Given the increasing intensity of he lockdowns and the volume of vaccines that we were getting before this week, one would expect a heavier than normal January. Indeed the first two weeks of the month (which in my 28 years of experience are usually dead) were remarkably heavy. 

In general the end of January and beginning of February are a bit heavier than most of the post-Christmas winter since stores are restocking their inventory. However, this is the very time that we're seeing volume DROP. 

One shipping center is not representative of the company, let alone the economy. In fact it's a ridiculously inadequate data point, but it is concerning, and the lack of pay is of some personal concern. 

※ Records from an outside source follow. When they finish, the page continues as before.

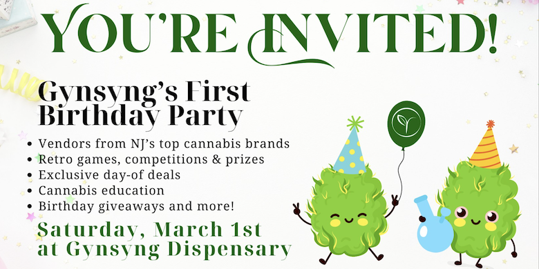 Gynsyng is turning one on March 1st! As Merchantville’s cannabis dispensary, we couldn’t be more grateful for all of the support we’ve been shown this last year. As our way of saying thanks, Gynsyng would like to personally invite you to celebrate the first anniversary of our Grand Opening! Join us on March 1st from 10:00 a.m. to 10:00 p.m. for: Vendors from NJ’s top cannabis brands; Retro games, competitions & prizes; Exclusive day-of deals; Cannabis education; and, Birthday giveaways. Must be 21+ to participate in this event.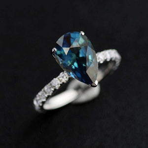 3Ct Pear Teal Sapphire Hidden Halo Engagement Gold Ring, 11x7mm Pear C - Giliarto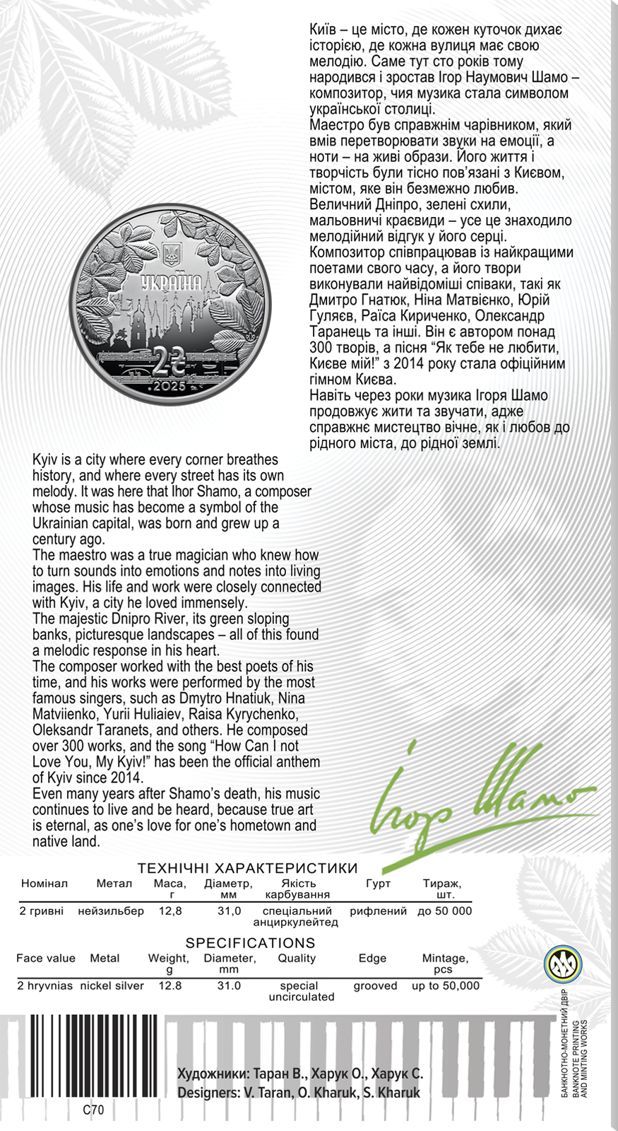 | На аверсі монети зображено стилізовану композицію мальовничих краєвидів, знакових будівель та пам’ятників міста Києва, обрамлених листям каштанів – символічною візитівкою столиці. Нижче на дзеркальному тлі розміщено: нотний стан із записом музичного твору Ігоря Шамо, номінал 2 з графічним символом гривні та рік карбування – 2025. У центрі вгорі розташовано малий Державний Герб України та напис УКРАЇНА (крапки над літерою “ї” зображено у формі сердець). Унизу праворуч зазначено логотип Банкнотно-монетного двору Національного банку України. |

U.S. economic numbers lag a fair bit in relation to the current time, so I checked out the Baltic Dry Index, which is a current measure of the cost of international shipping. It is an imperfect metric, particularly now as COVID restrictions have likely added considerable overhead to shipping costs, but in general it is a leading indicator of how robust world trade is, the lower the cost the less trade is happening. 


However, the BDI is an indicator of bulk raw material shipping prices, not retail. It proceeds in fits and starts with production. 

Other leading indicators are at the precise moment that I type this, on a generally downward trend, but I don't know enough to say if it is precipitously so. 



Note that that is a screenshot of an active, constantly updating chart that has one or two indices occasionally switching between red and green. 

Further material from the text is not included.